"Cartographie d’une vie" est un projet artistique et culturel de territoire proposé par Tali Serruya, avec les élèves de CM1 de l'école primaire de la ville de Millas et ses habitant-e-s.
Intéressée par les multiples récits qui traversent et singularisent chaque territoire, ainsi que par la façon dont l'identité, qu'elle soit individuelle ou collective, est sculptée par son contexte, la construction de cette proposition se fera de façon progressive et sensitive, à partir de la manière dont ceux qui vivent à la frontière la ressentent, l’imaginent et la franchissent au quotidien.
Née dans un pays que je n'ai jamais eu l’occasion de visiter, j'ai passé la moitié de ma vie en Argentine avant de m'installer en France en 2007, après un séjour au Canada et en Espagne. Pendant des années, j'ai essayé de comprendre comment "appartenir" quelque part : j'étais trop argentine pour être française ; trop française pour me sentir argentine ; trop proche du monde du théâtre pour être considérée comme artiste visuelle ou chorégraphe ; trop performative pour être sérieusement perçue comme metteuse en scène... Plus tard, j'ai compris que tous ces « trop » matérialisaient l’entre-deux que j’incarne au quotidien. Ce genre de mobilité, de porosité, de multiplicité, "d’indéfinition", d'indétermination, d'instabilité ne sont pas seulement présents dans ma vie personnelle, mais ont surtout été déterminants dans la construction et l’évolution de mon parcours professionnel.
Ayant vécu quelque temps à Perpignan, j’ai rapidement pu constater la richesse et la complexité de cette ville, à la croisée des cultures, des paysages, des langues et d’identités. Le "centre du monde" était devenu, à mes yeux, un lieu de passage, vidé de tout élan dynamisant, fracturé aussi bien par les écarts socio-économiques existants que par le manque de dialogue entre les différentes communautés que la composent. Cette richesse et complexité sont ainsi au cœur de mon projet. Elles résonnent dans mon corps, font écho à mon histoire et donnent du sens à ma pratique.
Avec le désir de valoriser la culture locale et créer des liens interculturels et intergénérationels, ce projet souhaite bâtir des espaces multiples (de rencontre, de parole, d’échange, de réflexion), lors d'une pratique proche des gens, dans une logique de dialogue et d’écoute réciproques, avec le désir de construire collectivement de nouvelles manières d’être ensemble, d’habiter la ville et de la raconter. Il ambitionne remettre au centre l’art comme expérience humaine, comme modalité d’une pensée non-linéaire, d’un échange mobile, poreux et non-disciplinaire. Comme expérience, en somme, d’une société.

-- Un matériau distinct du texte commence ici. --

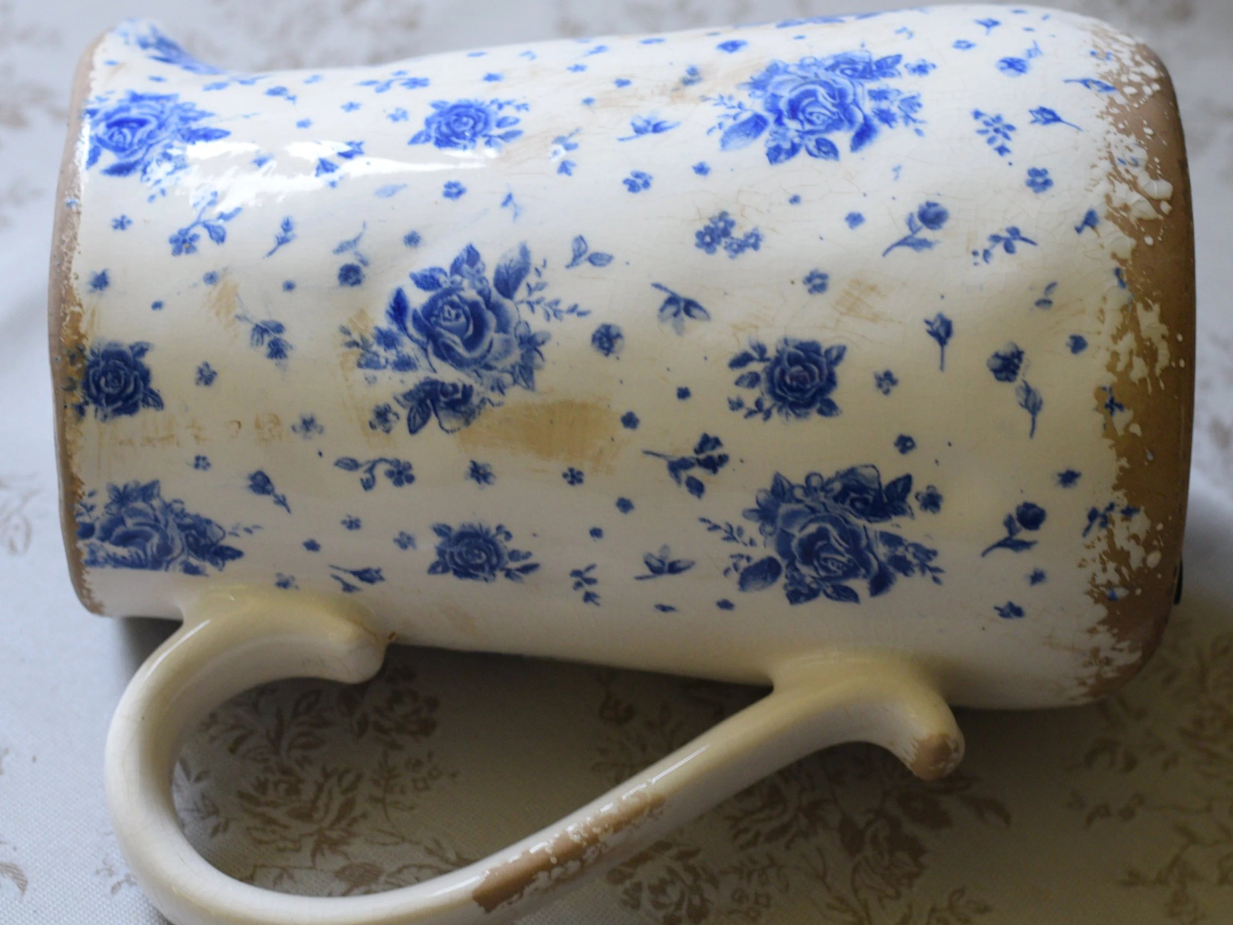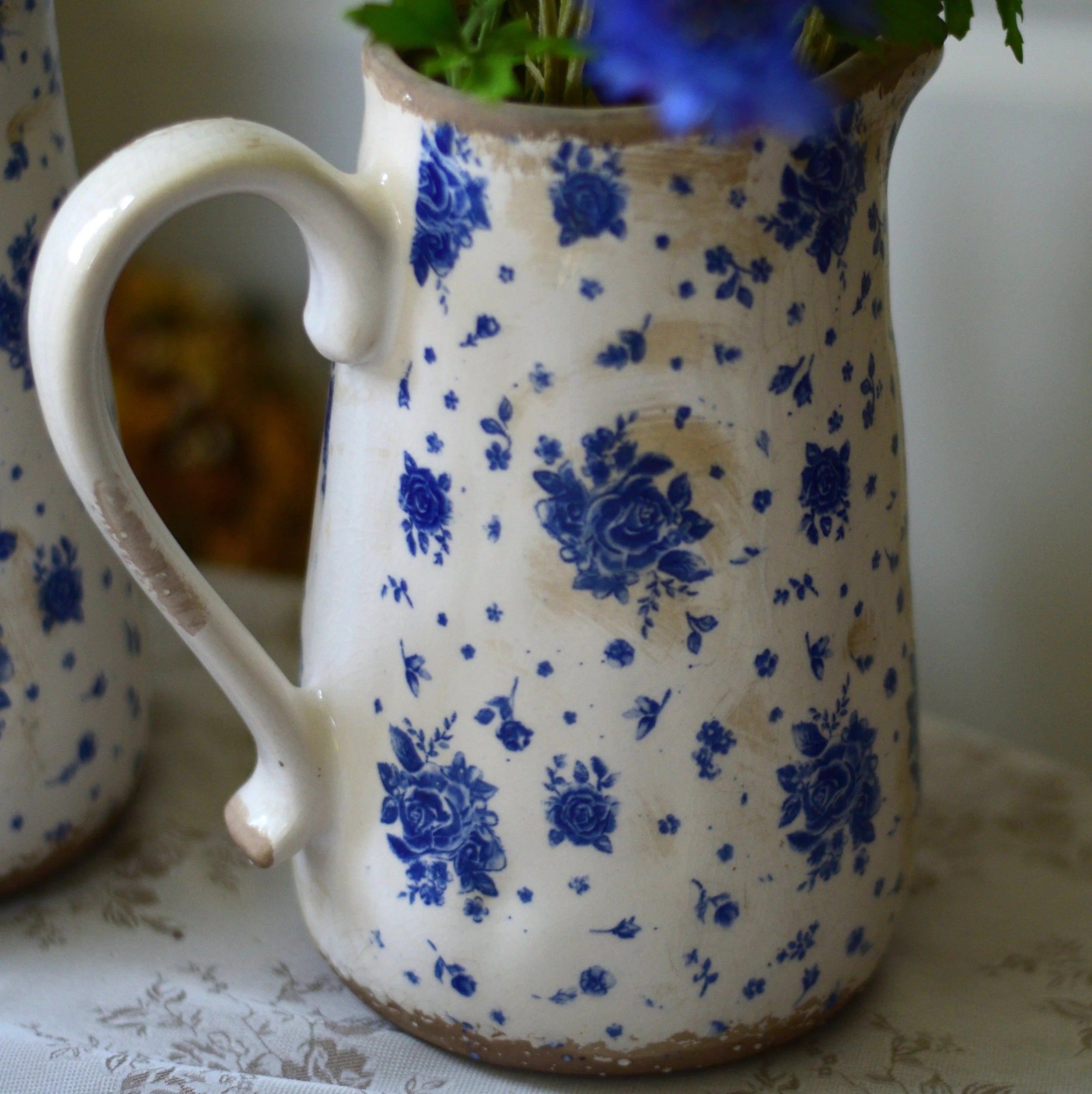 This gorgeous vintage-style pitcher vase features an elegant arrangement of soft blue medium-sized roses, delicately paired with smaller flowers in the same calming hue. Set against a softly distressed white base, the floral design stands out beautifully, offering a gentle yet striking contrast that evokes timeless charm.
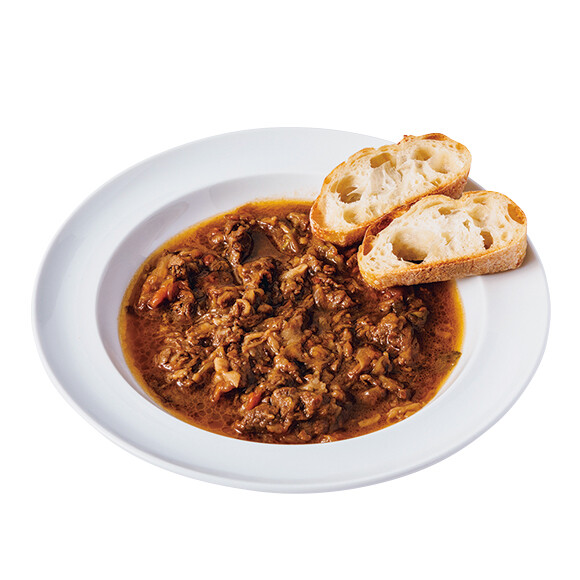 人気料理家・坂田阿希子が手がける洋食店。甘く炒めたタマネギと牛肉、トマトをとろとろになるまで煮込んだミロトンを自宅でも。●ミロトン200g ¥2,300/クチブエ https://kuchibue.tokyo ※パンは付属品ではありません
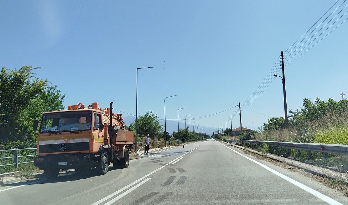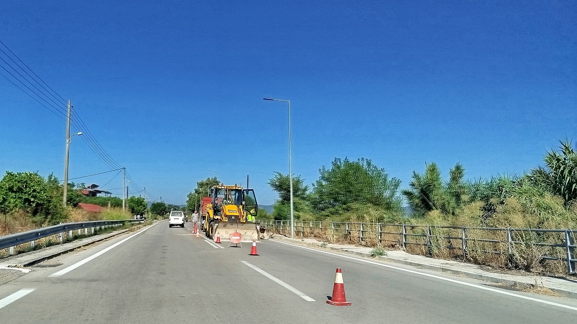 Για τρεις περίπου ώρες, όσο διήρκησαν οι εργασίες, η κυκλοφορία των οχημάτων στα δυο ρεύματα γίνονταν εκ περιτροπής.
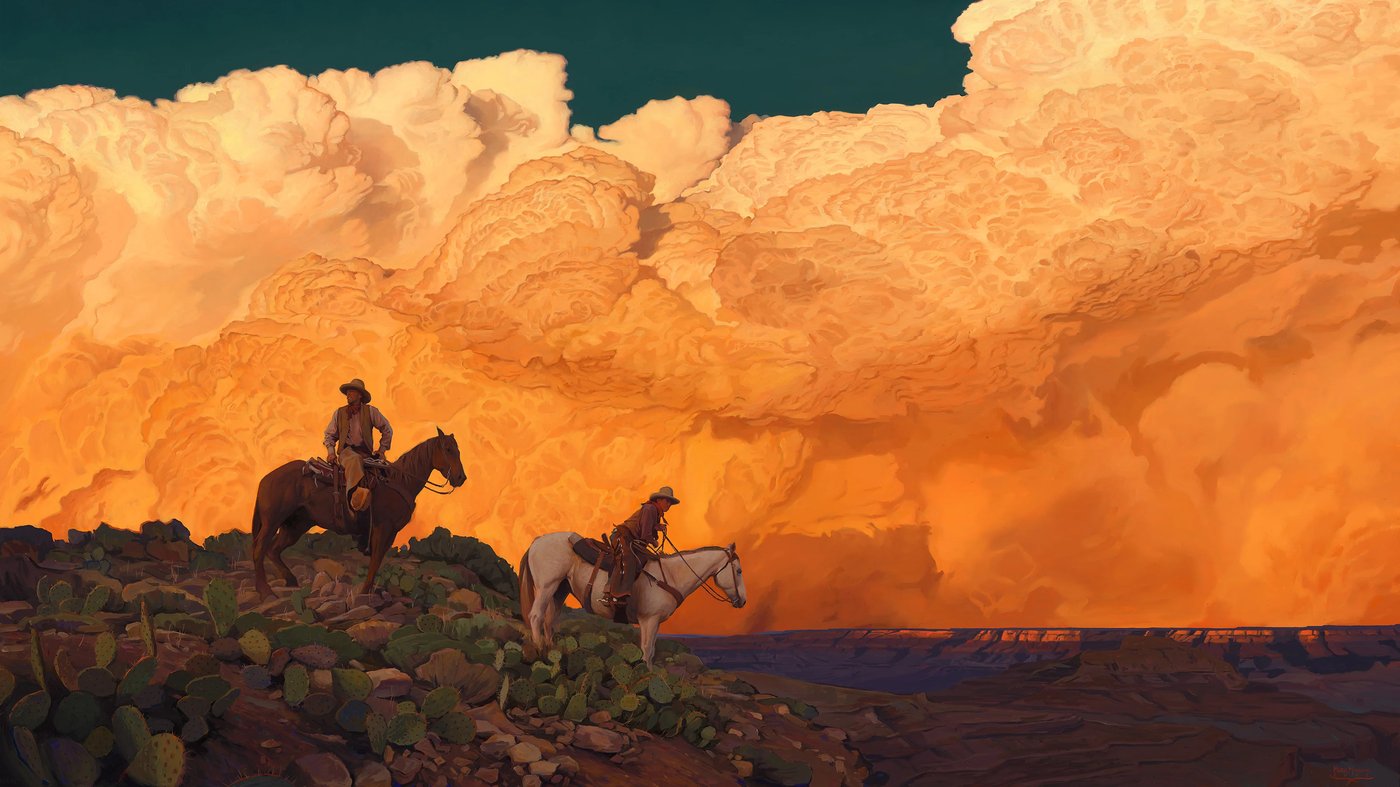 Two riders on horseback pause at the edge of a dramatic landscape, silhouetted against an extraordinary sky that dominates the entire scene. The clouds billow and roll in warm shades of orange, peach, and amber, creating an almost apocalyptic atmosphere that suggests either an intense sunset or perhaps distant wildfire smoke. The composition draws your eye across the rugged, cactus-dotted terrain toward distant mesas on the horizon.

"Cartographie d’une vie" se développera ainsi sur deux plans parallèles : sur la question de l’identité à travers le vécu de la ville et le regard posé par les habitant-e-s non-scolarisé-e-s, d'une part. Et d’autre part, sur le ressenti des différents espaces que la ville propose, grâce à la sensibilité et à l'innocence des enfants.
L’idée principale sera ainsi de faire résonner l’histoire du lieu avec celle de sa population, mettant en relation la construction du "moi" à l'expérience de la frontière. En assemblant horizontalement et de façon non-hiérarchique les paroles intimes avec les différentes archives patrimoniales, le but sera de créer une sorte de jeu d’assemblage pouvant être par la suite matérialisé et puis enfin, performé.